Assigned task: Please repeat only the lines below starting at the line that holds "- 【使用済】 花オレンジカード JR北海道 花ずくし原生花園 ヒオウギアヤメ" and ending at the line that holds "2.Ido perfektné rifle", exactly, with both of those lines included and every picture omitted.

Collected data:

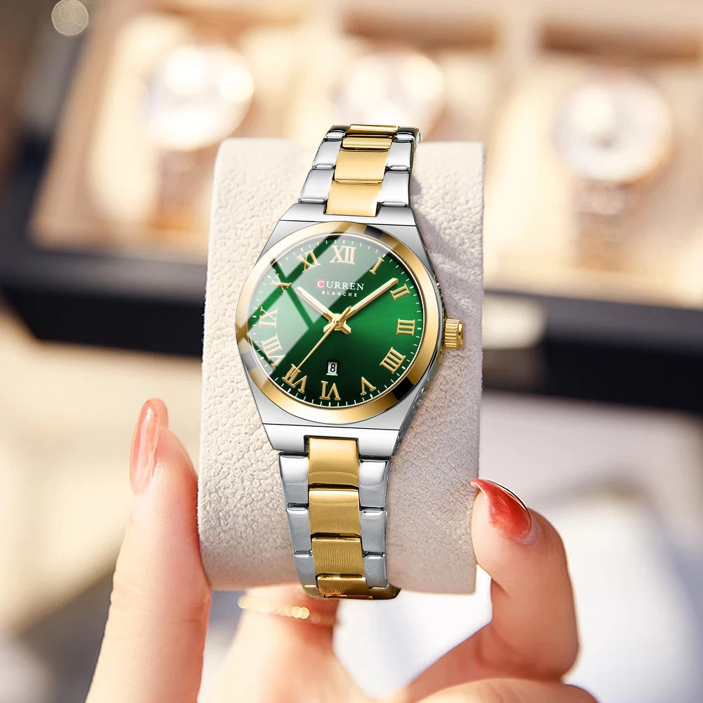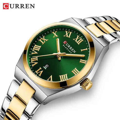 CURREN 9095 Elegant Watch Watch For Women – Silver Golden Green
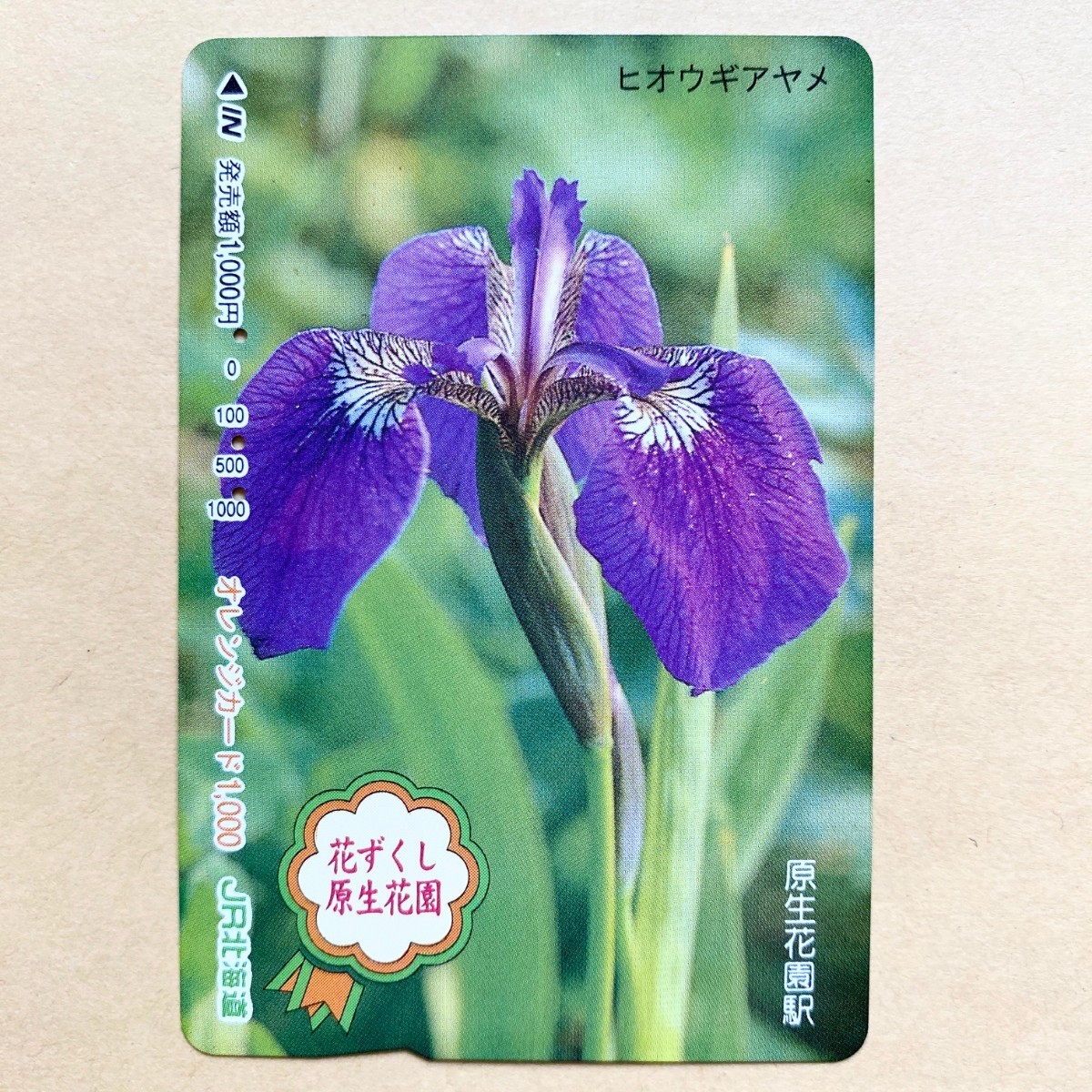 - 【使用済】 花オレンジカード JR北海道 花ずくし原生花園 ヒオウギアヤメ
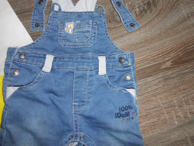 2.Ido perfektné rifle na traky pre malého frajera v 100% stave...dlžku trakov si viete prisposobit, zapínanie na nožičkach čo je super pri prebalovani a tiež su cvoky ešte po bokoch
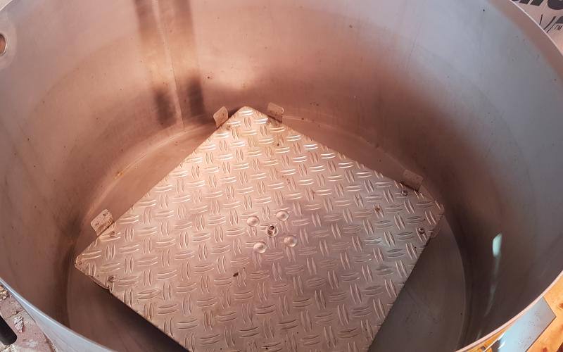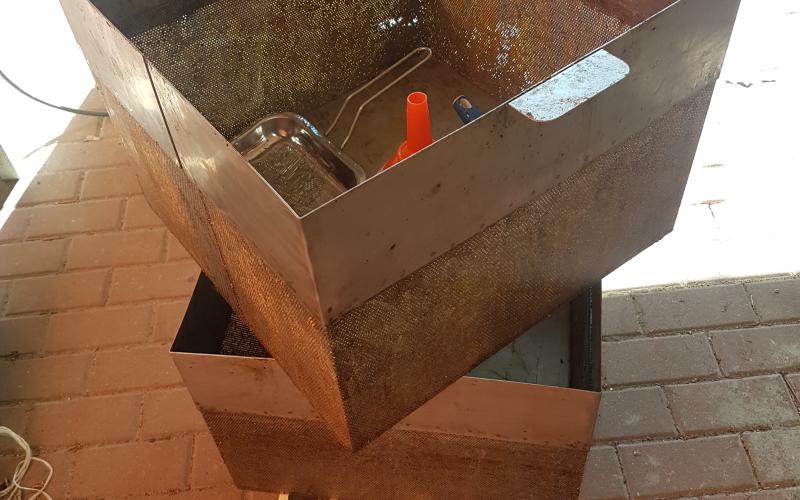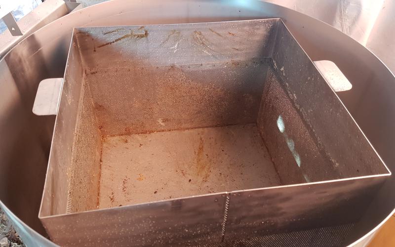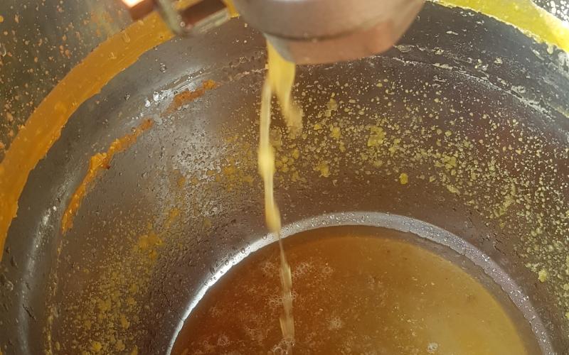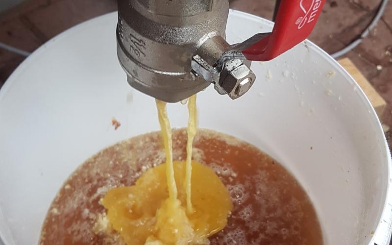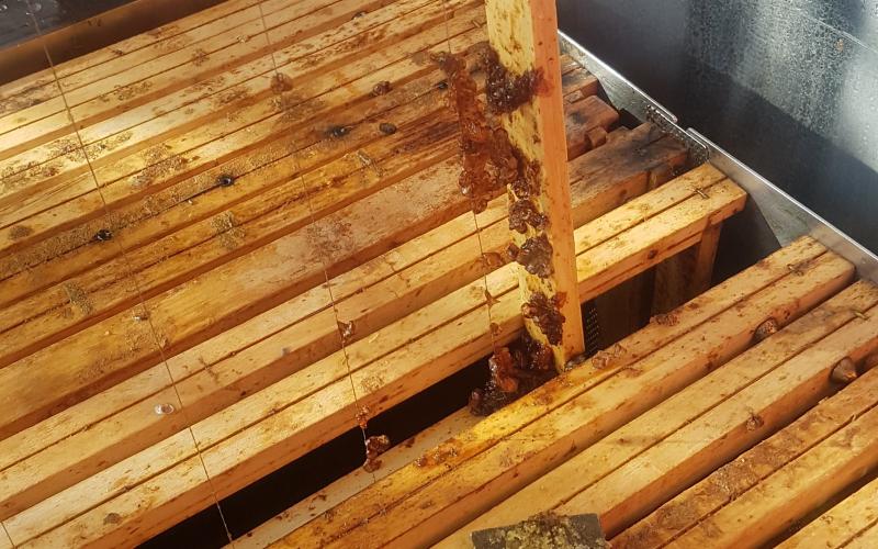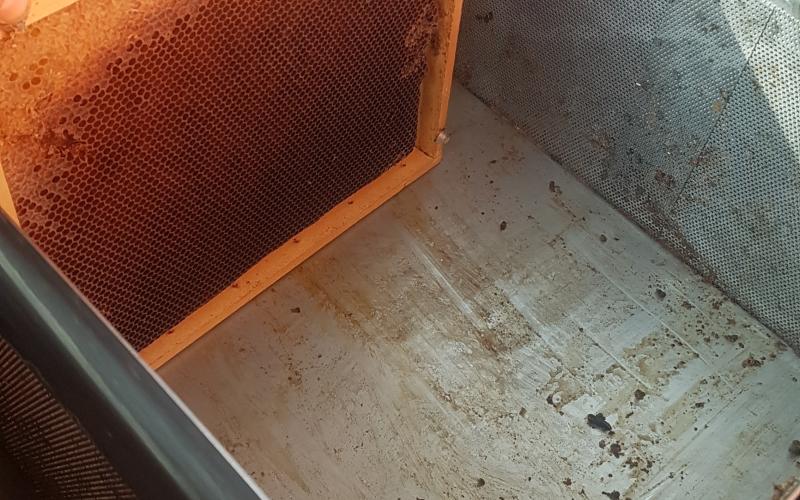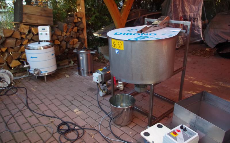 Das Ergebnis konnte sich dennoch sehen lassen - sehr trockener, allenfalls klebriger Trester. Sehr schnell konnten wir zwei Schleuderungen durchführen und jeweils 14 Waben ausschmelzen. 14 weitgehend Futter- und Pollen-geleerte Waben (DN 1,5) lieferten ca. 1,4 kg Wachs - also rund 100 Gramm pro Rähmchen. Das ist eine gute Ausbeute für das Format zumal das Wachs bereits sehr sauber gewonnen werden kann. Lässt man es durch einen Nylonstrumpf in einen im Wasserbad auf Schmelztemperatur gehaltenen Eimer fliessen so kann es anschließend im gut isolierten Zargenturm oder im Wärmeschrank langsam abkühlen und trennt sich sehr sauber. Nach dem Erstarren kann der Wachsblock auf der Unterseite abgekratzt werden. Im Tiefkühler gelagert kann er dann mit Hammer und Meissel gebrochen werden um stückweise für die weitere Verwendung aufgeschmolzen zu werden. Ein weiterer Reinigungsschritt durch Aufschmelzen in kalkfreiem Wasser ist offenbar nicht erforderlich. wobei uns Erfahrungen mit der Verwendung als Kerzenwachs noch fehlen.

Response to this task:
 - 【使用済】 花オレンジカード JR北海道 花ずくし原生花園 ヒオウギアヤメ
 2.Ido perfektné rifle na traky pre malého frajera v 100% stave...dlžku trakov si viete prisposobit, zapínanie na nožičkach čo je super pri prebalovani a tiež su cvoky ešte po bokoch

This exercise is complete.